Provided material:

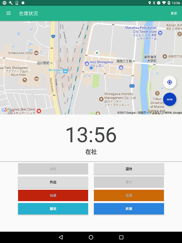 アプリ上の「NOW!」ボタンをタップすると、NI Collabo 360の行先伝言共有機能と連携し、現在地を記録・確認できるほか、メモや写真もアップロードできます。
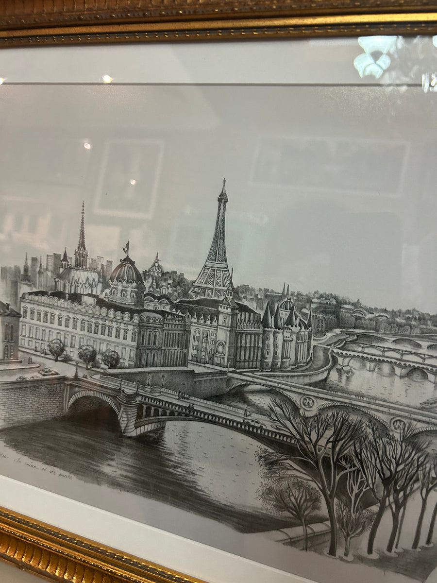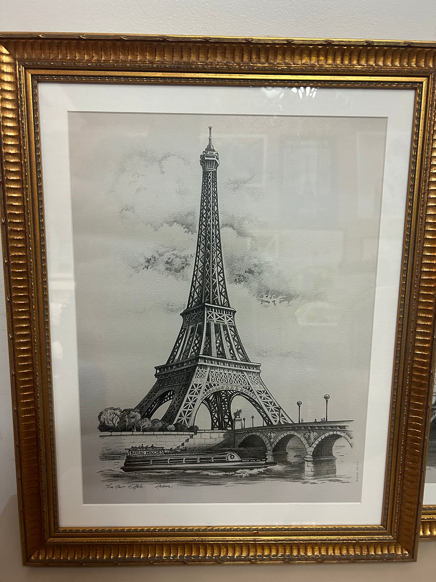 Framed Print of Eiffel Tower and Pont Alexandre III Sketch
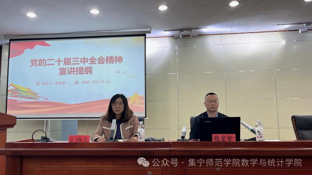 为全面贯彻落实习近平新时代中国特色社会主义思想,深入学习贯彻党的二十届三中全会精神,9月26日,数学与统计学院在图书馆报告厅开展党的二十届三中全会精神宣讲报告会。学院党总支书记张宏智为本次报告会作宣讲。报告会由学院党总支副书记常鑫主持,数学与统计学院全体在校学生参加了报告会。

Your instructions: Any images must be left out; transcribe the rest of the material exactly.

Result of the exercise:
 アプリ上の「NOW!」ボタンをタップすると、NI Collabo 360の行先伝言共有機能と連携し、現在地を記録・確認できるほか、メモや写真もアップロードできます。
 Framed Print of Eiffel Tower and Pont Alexandre III Sketch
 为全面贯彻落实习近平新时代中国特色社会主义思想,深入学习贯彻党的二十届三中全会精神,9月26日,数学与统计学院在图书馆报告厅开展党的二十届三中全会精神宣讲报告会。学院党总支书记张宏智为本次报告会作宣讲。报告会由学院党总支副书记常鑫主持,数学与统计学院全体在校学生参加了报告会。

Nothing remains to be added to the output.